··· PROVIDED MATERIAL ···

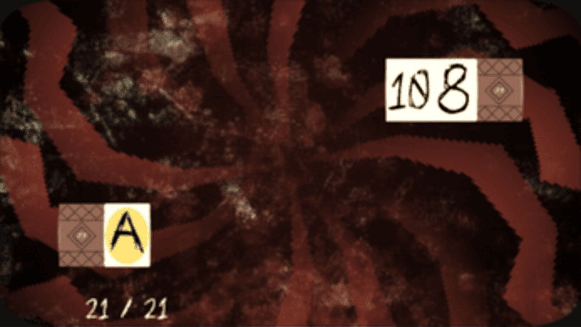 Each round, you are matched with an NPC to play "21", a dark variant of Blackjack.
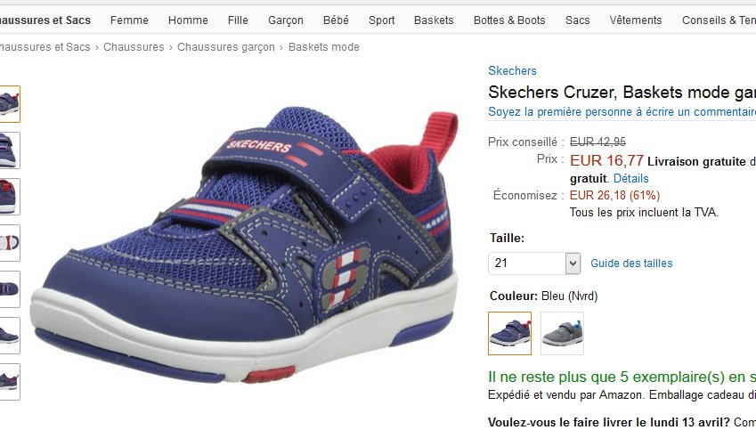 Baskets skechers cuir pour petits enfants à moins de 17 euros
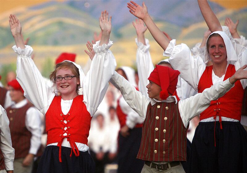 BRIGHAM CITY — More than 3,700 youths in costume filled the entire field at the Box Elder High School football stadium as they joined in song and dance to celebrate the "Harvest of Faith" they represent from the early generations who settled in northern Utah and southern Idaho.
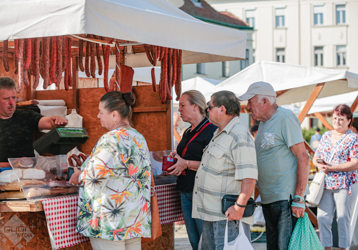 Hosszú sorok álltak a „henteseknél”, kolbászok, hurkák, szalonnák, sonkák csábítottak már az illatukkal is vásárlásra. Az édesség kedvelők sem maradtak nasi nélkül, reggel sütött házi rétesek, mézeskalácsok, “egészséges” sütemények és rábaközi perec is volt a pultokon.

···

### ABOUT THIS EXERCISE:
Only the pictures are to be dropped; the rest of the material above must be duplicated exactly.

### OUTPUT FOR THIS EXERCISE:
 Each round, you are matched with an NPC to play "21", a dark variant of Blackjack.
 Baskets skechers cuir pour petits enfants à moins de 17 euros
 BRIGHAM CITY — More than 3,700 youths in costume filled the entire field at the Box Elder High School football stadium as they joined in song and dance to celebrate the "Harvest of Faith" they represent from the early generations who settled in northern Utah and southern Idaho.
 Hosszú sorok álltak a „henteseknél”, kolbászok, hurkák, szalonnák, sonkák csábítottak már az illatukkal is vásárlásra. Az édesség kedvelők sem maradtak nasi nélkül, reggel sütött házi rétesek, mézeskalácsok, “egészséges” sütemények és rábaközi perec is volt a pultokon.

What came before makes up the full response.